Monsters: A love story

draculaAs Halloween approaches, I think back to how my love affair with movies really began.

My love of movies began with monster movies. Not horror movies, monster movies- specifically Dracula, the Wolf Man, and Frankenstein. For personal reasons, I identified with these monsters- loners who lived by night.

As a kid, I would constantly get my days and nights mixed up. As a baby, my mother thought I was great because I would sleep until 1 pm. It was only when my aunt stayed over and found me standing in the crib of my darkened bedroom that my mother realized the truth. From that moment on, my aunt began calling me ‘demon,’ a play on my middle name Damon.

Even school couldn’t quell my nocturnal habits. Every summer vacation I’d find myself staying awake until 8 am and sleeping until 4pm. I’d go outside to play when the sun was going down and stay awake all night watching television. It was in these late-night hours that I’d get together with old friends, my fellow castaways from the world of the living who found themselves (like me) on the graveyard shift. It wasn’t their choice to keep these hours just as it wasn’t mine, so we bonded.

Like me, they were different; like me, they were cursed. While I was human, they were creatures; while I was just doomed to a nightlife of watching bad television until the stations signed off (yes, I lived before cable TV), they were doomed to a nightlife of killing people because they had to.

Even in their strengths, they had their weaknesses. For Dracula, it was garlic, crucifixes and holy water- he didn’t like mirrors either, because they were a dead giveaway to his true identity. The Wolf Man didn’t like silver in any way, shape or form and full moons were a real bummer. Frankenstein had an aversion to fire, and irate townsfolk who carried pitchforks and screamed for his demise usually carried torches.

It seems strange to think that I’d learn life lessons from a vampire, a werewolf, and a man-made killing machine, but I did. Dracula had to kill to live; he didn’t choose to be a vampire but if it meant sinking his pointy incisors into some buxom blonde’s neck to add a few more days to his life, so be it. The Wolf Man had the same sort of modus operandi because it was just his nature when the full moon came out, but when the moon waned and the wolfsbane stopped blooming, he took human form again and felt really bad about what he had done. As for Frankenstein, he never asked to be here- that was all Dr. Victor Frankenstein’s idea. If the people around him went after him because he was different, he’d have to defend himself wouldn’t he? A strangulation here, a crushing body blow there, and pretty soon everybody gives you some space.

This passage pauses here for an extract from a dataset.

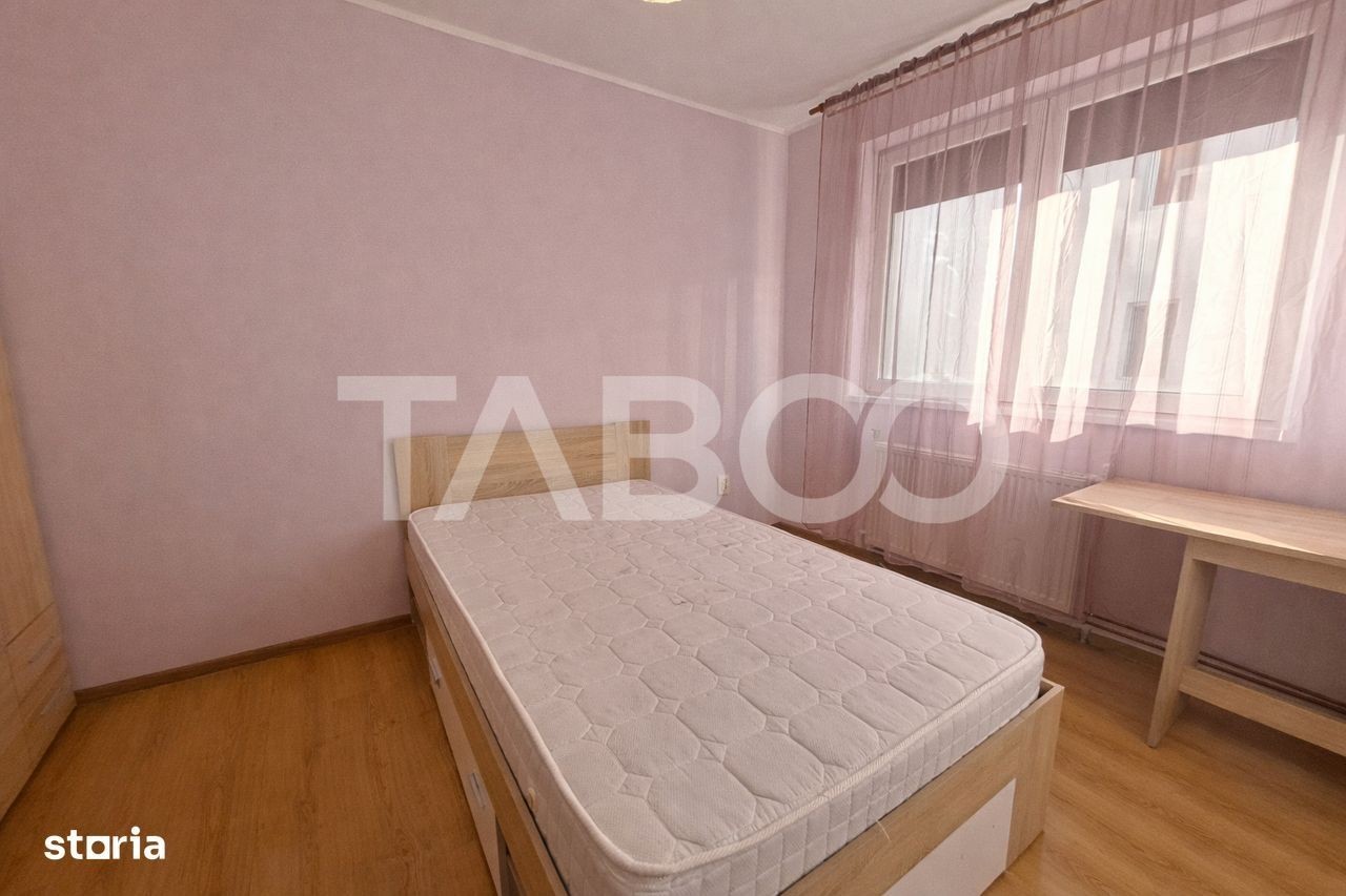 Apartament 3 camere de inchiriat, decomandat, 60 mp, zona Turnisor, Sibiu. Apartament curat si modern, situat la etaj intermediar, cu 2 dormitoare dotate cu pat matrimonial, disponibil de inchiriat. Apartamentul face parte dintr-un complex de blocuri care beneficiaza de curte interioara, care asigura liniste si siguranta locatarilor. • Doua locuri de parcare incluse in pret • Parcare extra pentru vizitatori • Locatie ferita de aglomeratie • Etaj 1 intermediar TABOO Imobiliare propune un apartament de inchiriat cu 3 camere, decomandat, situat in localitatea Sibiu, zona Turnisor, aflat la etajul 1 intr -un imobil tip bloc cu regim de inaltime pe Parter + 2 Etaje; anul constructiei 2009, structura caramida. Suprafata utila de 60 mp + balcon de 6 mp. • Hol de compartimentare; • Bucatarie deschisa cu living; • Baie cu cada si geam de aerisire; • Living cu balcon; • Dormitor cu pat matrimonial; • Dormitor cu pat matrimonial; • Debara; • Usa intrare: metal; • Usi interioare: celulare; • Tamplarie ferestre: pvc, termopan; • Pereti: vopsea lavabila, faianta; • Podele: parchet, gresie. • Bucatarie: mobilata, utilata; • Mobilat: complet; • Utilitati: curent electric, apa, canalizare, gaz, catv, telefon, acces internet, fibra optica; • Izolatii: exterior, bloc izolat termic; • Contorizare: apometre, contor gaz, contor curent electric, contorizare separata; • Caracteristici bloc: interfon, acoperis. Apartamentul se inchiriaza mobilat si utilat cu:aragaz, hota, masina de spalat rufe, masina de spalat vase, frigider cu congelator. Incalzirea se realizeaza prin centrala proprie, calorifere. Pentru a se inchiria acest apartament se achita proprietarului chiria + o luna garantie. Pret: 450€ Sună-ne acum și află detalii despre această proprietate de inchiriat din Sibiu, dar și despre alte proprietăți potrivite pentru tine.

But any peace my pals found wouldn’t last long. Eventually, the world around them would find a way to get rid of them. A stake would find a way into Dracula’s heart just as a silver bullet would eventually enter the Wolf Man’s body. Frankenstein would wind up being buried alive or burned in a collapsing fire-engulfed building. And in their cinematic ends, the life lessons they were teaching me would also end- but only temporarily. You see, the best thing about my friends was that they’d be back; they wouldn’t let me wile away the wee small hours of the morning alone for very long and when they returned, they’d continue to impart their life lessons to me.

The greatest life lesson that each of these monsters taught me was that you can’t keep a good man down. Their individual life lessons also carried weight: Dracula taught me that fighting for survival using unorthodox ways was sometimes the way it had to be; the Wolf Man’s regrets over his reprehensible actions made me mindful of my own actions and Frankenstein showed me that you should never be around those who dislike you because you don’t look like they do- surround yourself with those who love you for who you really are.

So this Halloween, I’ll surround myself with loved ones- my childhood friends that I love because I know who they really are. They may be monsters to you, but they kept me company when I was alone in the dark and I’ve never forgotten them for that. I’m grateful for all the time I shared with them and everything they taught me but most of all, I’m grateful knowing they’ll always be there for me. In the promise of an eternal life in the movies, they’ll never go away.

My monsters come back to me in the same way the best things in life come back; the things you love never leave if you treat them right. Dracula, the Wolf Man, and Frankenstein’s return remind me of this and also of who I really am, even if I sometimes forget myself.

Their periodic return usually comes around Halloween. It’s because of this that I know why a jack o’lantern smiles.